Investors ditch VW as scandal widens to fuel consumption

(iStock)
(iStock)

Frankfurt - Investors wiped another €3bn off Volkswagen's market value on Wednesday after it said it had understated the fuel consumption of some cars, opening a new front in a scandal that initially centred on rigging emissions tests.

The carmaker said late on Tuesday it had understated the fuel usage of up to 800 000 cars in Europe, meaning those vehicles affected are more costly to drive than their buyers had been led to believe.

The revelations - which added a new dimension to a crisis that had previously focused on environmental damage - are the first to threaten to make a serious dent in VW's car sales since the scandal erupted, analysts said.

They could potentially deter cost-conscious consumers who have so far taken VW's manipulation of smog-causing emission tests in their stride.

The effects of the scandal have so far been barely reflected in VW sales figures - although it was the only German carmaker to report a decline in car registrations in Germany in October.
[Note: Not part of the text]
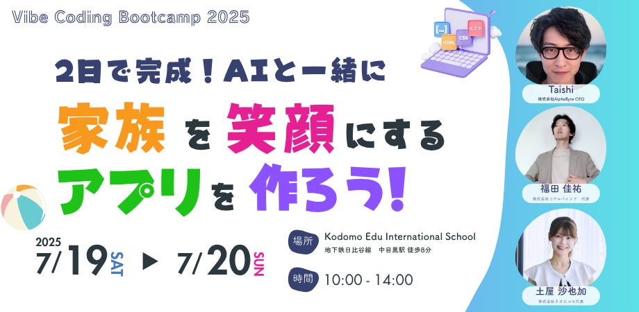 2日で完成!AIと一緒に「家族を笑顔にするアプリ」を作ろう!小中高生向けサマープログラム「Vibe Coding Bootcamp 2025」開催

Shares in Europe's biggest carmaker were down 8.6% at €101.45 by 12:03.

"Another week, another shock in the VW story," Exane BNP Paribas analyst Stuart Pearson wrote in a note. "We add another 4 billion euros in recall costs and fear a harsher commercial impact," said Pearson, who rates VW "neutral".

The German carmaker also revealed on Tuesday that carbon-dioxide emissions had been understated - leading it to underestimate the fuel consumption - and added €2bn ($2.2 billion) to its expected costs of the scandal.

The affair erupted in September when US authorities exposed VW's use of "defeat devices" to cheat tests for emissions of smog-causing nitrogen oxide. VW admitted such software was installed in up to 11 million diesel vehicles worldwide.

VW's latest admission came after US environmental regulators said the carmaker had failed to inform it that similar devices were installed on larger 3.0 litre engines used in luxury sport utility vehicles from Porsche and Audi.

VW has denied this, but said on Tuesday it would immediately start talking to "responsible authorities" about what to do about the latest findings on fuel consumption and CO2 emissions.

"From the very start I have pushed hard for the relentless and comprehensive clarification of events," Volkswagen Chief Executive Matthias Mueller said. "We will stop at nothing and nobody. This is a painful process but it is our only alternative."

The biggest business crisis in VW's 78-year history has wiped almost €24bn - nearly a third - off the firm's stock market value, forced out long-time CEO Martin Winterkorn and rocked the auto industry, an important employer and source of export income in Germany.

"From an outside perspective and we are sure for the majority of VW employees, the degree and extend of cheating that has been discovered so far is beyond imagination," wrote analyst Arndt Ellinghorst of banking advisory firm Evercore ISI.

The latest findings on fuel consumption and CO2 emissions - areas which US watchdogs have yet to address - were disclosed as VW continues a broad review of its handling of all pollution-related issues. While the findings mostly apply to smaller diesel engines, one gasoline engine is also affected.